For the record, I'm writing this from a cafe where I just finished a breakfast panini and a mocha. Sigh."

 
—Elizabeth, 37, CA

Listen to This: Audio We Love

For This Is Love's new season, they're reporting all their stories from Italy (this is a great production hack that we will definitely be pitching our boss at a later date). And we love their first episode about Piobbico, a tiny Italian town where "everyone wants to be ugly." Home to the Ugly Club (motto: "ugliness is a virtue, beauty is slavery"), Piobbico residents pride themselves on embracing alternative standards of beauty and building community around them. 

Howard Stern's complicated career is getting the Fresh Air treatment this week.
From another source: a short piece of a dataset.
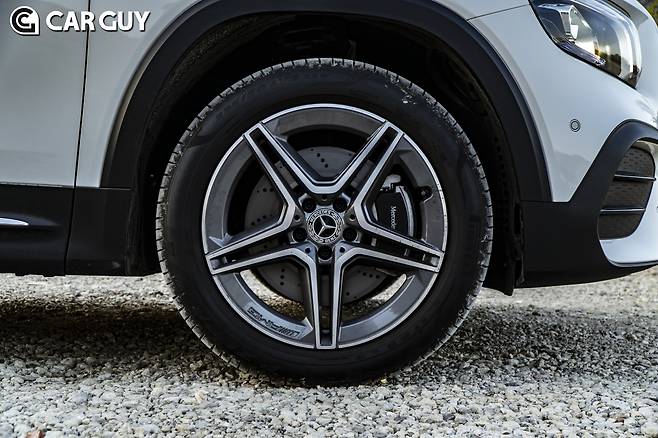 측면부는 GLB 개성이 도드라진다. 곧게 선 필러와 직선으로 이어진 루프, 넉넉하게 두른 스키드 플레이트가 SUV다운 든든함을 준다. 전륜구동임에도 도드라지지 않는 프론트 오버행과 웬만한 중형 SUV보다도 긴 휠베이스가 남다른 느낌을 준다. 휠은 AMG라인 전용 19인치 경량휠이다. 림을 두껍게 처리해 19인치에 달하는 실제 사이즈에 비해 다소 작아보인다. 바깥쪽으로 갈수록 얇아지는 스포크도 ‘스포티’와는 거리가 있다. GLB 외모와는 썩 어울리지 않는 느낌이다.

In a two-part interview, the second of which is airing today, Stern sits down with Terry Gross to talk about being raised by his severely depressed mother, how going to therapy as an adult changed his interviewing style, and how he looks back on the lewd ways he would talk about women in the heyday of the Howard Stern Show. "That always really troubled me," Gross says. "I know you cringe about a lot of things when you look back at your early career—do you cringe about that?"
Next on Death, Sex & Money
When Daily Show host Trevor Noah was growing up in apartheid South Africa, he stood out as the child of a black mother and a white father.  Next week, he talks with sociologist and writer Dr. Tressie McMillan Cottom about how being famous is now making him feel like an outsider, and why he thinks it would be harder to elect a woman than another black man for president in 2020.